- Your task:
Reproduce everything from the line that contains "Бумага для рисования" down to the line that contains "新華社記者 普布扎西 攝" in the listing below, word for word and nothing more. Leave the pictures out.

- Data for the task:

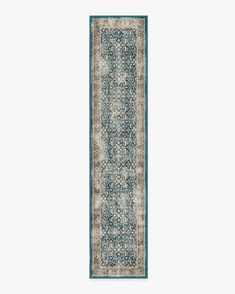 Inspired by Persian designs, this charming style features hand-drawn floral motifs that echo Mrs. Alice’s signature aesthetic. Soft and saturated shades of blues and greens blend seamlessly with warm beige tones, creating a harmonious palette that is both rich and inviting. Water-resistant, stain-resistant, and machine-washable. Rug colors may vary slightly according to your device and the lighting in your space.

---

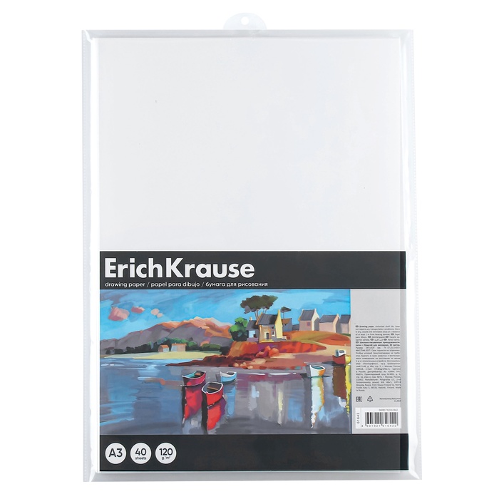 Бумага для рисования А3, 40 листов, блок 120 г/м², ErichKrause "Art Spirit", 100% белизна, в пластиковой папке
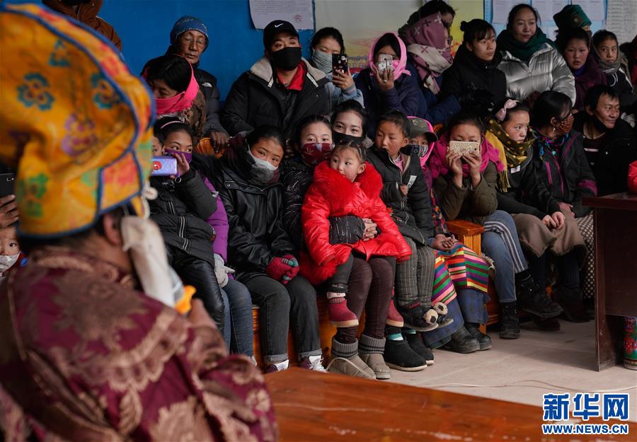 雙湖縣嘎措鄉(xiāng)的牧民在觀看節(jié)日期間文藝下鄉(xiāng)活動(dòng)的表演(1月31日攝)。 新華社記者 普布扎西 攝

- Completed exercise:
 Бумага для рисования А3, 40 листов, блок 120 г/м², ErichKrause "Art Spirit", 100% белизна, в пластиковой папке
 雙湖縣嘎措鄉(xiāng)的牧民在觀看節(jié)日期間文藝下鄉(xiāng)活動(dòng)的表演(1月31日攝)。 新華社記者 普布扎西 攝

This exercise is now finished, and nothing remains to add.